### Goal of the exercise
Please repeat, from the entries that follow, the lines from the one containing "削って香る屋久杉の体験コーナー" through the one containing "Fotografia e ndërtesës" exactly, adding nothing.

### Supplied information

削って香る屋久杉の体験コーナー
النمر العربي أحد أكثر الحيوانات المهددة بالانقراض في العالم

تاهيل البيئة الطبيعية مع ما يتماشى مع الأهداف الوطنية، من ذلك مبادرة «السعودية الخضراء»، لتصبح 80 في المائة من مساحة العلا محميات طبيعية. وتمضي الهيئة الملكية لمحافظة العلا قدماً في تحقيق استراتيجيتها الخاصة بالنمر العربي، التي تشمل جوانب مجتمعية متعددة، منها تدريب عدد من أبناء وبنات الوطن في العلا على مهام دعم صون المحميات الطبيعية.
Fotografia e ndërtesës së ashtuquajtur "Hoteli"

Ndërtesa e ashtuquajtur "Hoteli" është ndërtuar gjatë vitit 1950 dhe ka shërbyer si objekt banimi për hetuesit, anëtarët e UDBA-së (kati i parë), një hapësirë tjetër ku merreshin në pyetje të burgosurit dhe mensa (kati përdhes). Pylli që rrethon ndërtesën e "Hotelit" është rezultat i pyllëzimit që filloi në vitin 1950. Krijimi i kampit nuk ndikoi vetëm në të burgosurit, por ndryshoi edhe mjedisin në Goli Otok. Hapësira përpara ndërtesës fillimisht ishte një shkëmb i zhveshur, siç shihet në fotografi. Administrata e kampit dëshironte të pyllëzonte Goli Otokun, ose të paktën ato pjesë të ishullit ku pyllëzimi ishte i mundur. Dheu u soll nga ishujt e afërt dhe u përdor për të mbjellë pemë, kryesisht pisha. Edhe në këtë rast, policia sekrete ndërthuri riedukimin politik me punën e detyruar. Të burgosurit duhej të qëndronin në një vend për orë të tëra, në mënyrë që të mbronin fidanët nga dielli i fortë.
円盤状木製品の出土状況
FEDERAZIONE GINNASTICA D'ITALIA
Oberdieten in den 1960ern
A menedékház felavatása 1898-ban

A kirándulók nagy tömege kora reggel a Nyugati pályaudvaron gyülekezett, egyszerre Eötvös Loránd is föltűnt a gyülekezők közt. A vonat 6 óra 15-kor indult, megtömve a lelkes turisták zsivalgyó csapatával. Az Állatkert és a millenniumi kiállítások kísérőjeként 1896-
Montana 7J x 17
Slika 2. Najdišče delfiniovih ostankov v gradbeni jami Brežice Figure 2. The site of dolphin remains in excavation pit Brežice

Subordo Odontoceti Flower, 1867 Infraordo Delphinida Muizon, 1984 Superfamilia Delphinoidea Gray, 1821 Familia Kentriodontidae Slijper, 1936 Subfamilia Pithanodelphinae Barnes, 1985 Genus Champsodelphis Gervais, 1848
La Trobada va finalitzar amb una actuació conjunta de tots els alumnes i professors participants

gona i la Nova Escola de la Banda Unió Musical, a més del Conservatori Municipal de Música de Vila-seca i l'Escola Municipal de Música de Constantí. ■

==

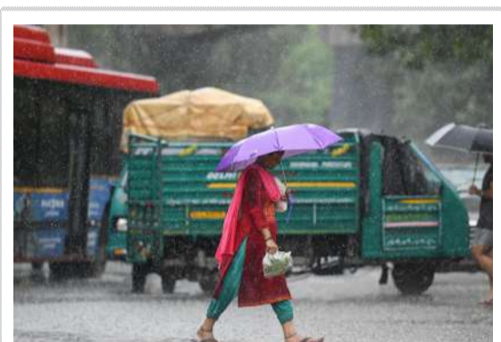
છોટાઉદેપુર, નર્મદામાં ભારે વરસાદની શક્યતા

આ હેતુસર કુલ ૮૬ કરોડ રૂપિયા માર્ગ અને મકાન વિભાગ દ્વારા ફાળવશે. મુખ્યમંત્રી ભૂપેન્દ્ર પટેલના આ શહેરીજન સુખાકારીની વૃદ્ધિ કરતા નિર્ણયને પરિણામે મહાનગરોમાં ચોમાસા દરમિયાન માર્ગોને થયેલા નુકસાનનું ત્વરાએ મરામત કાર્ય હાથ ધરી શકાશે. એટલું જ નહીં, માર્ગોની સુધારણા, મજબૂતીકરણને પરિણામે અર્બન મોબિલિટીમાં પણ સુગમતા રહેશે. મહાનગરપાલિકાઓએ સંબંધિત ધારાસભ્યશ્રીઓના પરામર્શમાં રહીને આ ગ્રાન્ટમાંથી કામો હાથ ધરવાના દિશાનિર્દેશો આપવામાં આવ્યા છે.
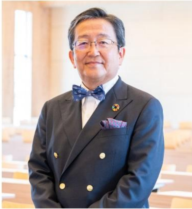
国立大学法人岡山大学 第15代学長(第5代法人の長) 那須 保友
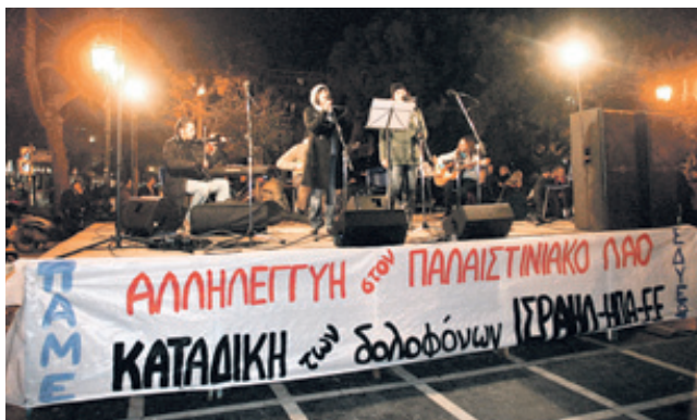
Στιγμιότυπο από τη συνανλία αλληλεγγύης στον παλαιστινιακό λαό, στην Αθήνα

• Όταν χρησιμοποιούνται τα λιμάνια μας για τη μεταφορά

### Response for this exercise
削って香る屋久杉の体験コーナー
النمر العربي أحد أكثر الحيوانات المهددة بالانقراض في العالم

تاهيل البيئة الطبيعية مع ما يتماشى مع الأهداف الوطنية، من ذلك مبادرة «السعودية الخضراء»، لتصبح 80 في المائة من مساحة العلا محميات طبيعية. وتمضي الهيئة الملكية لمحافظة العلا قدماً في تحقيق استراتيجيتها الخاصة بالنمر العربي، التي تشمل جوانب مجتمعية متعددة، منها تدريب عدد من أبناء وبنات الوطن في العلا على مهام دعم صون المحميات الطبيعية.
Fotografia e ndërtesës së ashtuquajtur "Hoteli"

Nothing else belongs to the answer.